Nico – The Marble Index review

Secret Meeting score: 78

by Philip Moss

As arguably the greatest auteur in contemporary cinema, Wes Anderson has not only perfected the tweeisms of his stunning visuals, but also clearly has an ear for pairing the right song to create the perfect cinematic moments. This has been a characteristic across his entire body of work, but, immediately, two examples from The Royal Tenenbaums come to mind – Elliott Smith’s Needle in the Hay (when – spoiler alert – Ritchie’s beard trim becomes an attempted suicide), & Nico’s These Days (as Margot meets Ritchie at the pier).

And it’s probably the Chelsea Girl album, which These Days is taken from – or, indeed, her moments of genius on The Velvet Underground & Nico – that Nico is perhaps best commercially known. But beyond her more ‘popular’ works, is a whole body of avant garde based compositions. One of which is The Marble Index.

Coming just thirteen months after the chamber folk opus, Chelsea Girls, Nico released The Marble Index – its title inspired by Wordsworth’s epic poem, The Prelude – in November 1968 through Elektra Records. Unhappy with her ‘playgirl’ image, Nico felt that the record, which was a much more challenging proposition, would position her as serious musician.

The 50 seconds of Prelude that open the record are in some ways a false start. Its glistening xylophones, which bounce over stately piano chords offering more light than what is to follow.

Lawns of Dawns, however, very much sets the tone for the record. Rumoured to have been guided towards the instrument by Leonard Cohen, a warbling harmonium, which provides an almost ever present drone across the record, underpins a lyric inspired by Nico’s acid trips with Jim Morrison – ‘Dawn, your guise has filled my nights with fear/ At each closing of my eyes/ You never see these pictures in my mind… I cannot understand the way I feel/ Until I rest on lawns of dawns— Can you follow me?’ Nico’s undeniably stunning voice is unmistakable, but the melodic phrasings are long and drawn out, and are a marked difference to anything else that she had produced up to this point in her career.

Despite writing the album herself, over just four days in the studio, The Velvet Underground’s John Cale contributed towards the record’s arrangements – and this is no more evident that in the stunning orchestral flourishes of No One is There, and evokes Paul Giovanni’s score for The Wicker Man, which incidentally followed five years later. The song’s typically ambiguous lyrics, which are said to be have influenced by Richard Nixon, paired with a medieval melody, bring a brooding macabre – ‘Some are calling him mad, no one is there/ Across from behind your window screen, demon is dancing down the scene, in a crucial parody’ – and when paired with Guy Webster’s stunning cover image, have ensured that the record has been adopted by fans of the gothic genre.

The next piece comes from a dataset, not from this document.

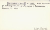M. [WALIGÓRSKA Maria] 1947 Koło Polskiego Towarzystwa Geograficznego w Zakopanem.

It’s been noted since that Scott Walker’s trilogy of borderline unlistenable epics – Tilt (1995), The Drift (2006) and Bish Bosch (2012) – are in huge debt to The Marble Index. But the fact that Nico’s works were imagined almost three decades before Walker’s foray into such classically based experimentations, at the age of just 30, shows just how groundbreaking this record was in the late sixties, and how poles apart it would have been to its contemporaries. And it’s the A-side’s final two cuts that are perhaps most similar to Walker’s work. Ari’s Song opens with layered, piercing whistles, before her twisted harmonium drives the song into the most avant-garde piece of music on the record. While its erratic conclusion, Facing The Wind, is the most percussive track on the record, and the first time that we find Nico’s voice buried beneath the cacophony.

Opening the B-side, Julius Caesar (Memento Hodié) is again uncompromising – the out of tune harmonium violently raging like an angry sea. Despite lacking the melody of Lou Reed’s writing, Frozen Warnings is perhaps most similar to her work on The Velvet Underground & Nico. With her hypnotic voice right at the front of the mix, its harsh, unabating melodies are backed predominantly by Cale’s violas and a pipe organ. Before the album comes to its conclusion with Evening of Light – the most frighteningly, aggressive piece of music found across the album’s eight tracks.

Genre breaking music does not always necessarily make for a great listen, and The Marble Index is certainly not easy on the ears. “It is unrelenting… in places, it’s ferocious,” Cale told Uncut in 2015. But given time, its challenges will offer their rewards. And if Wes Anderson were ever to venture into the horror genre, there are plenty of options here for the perfect soundtrack.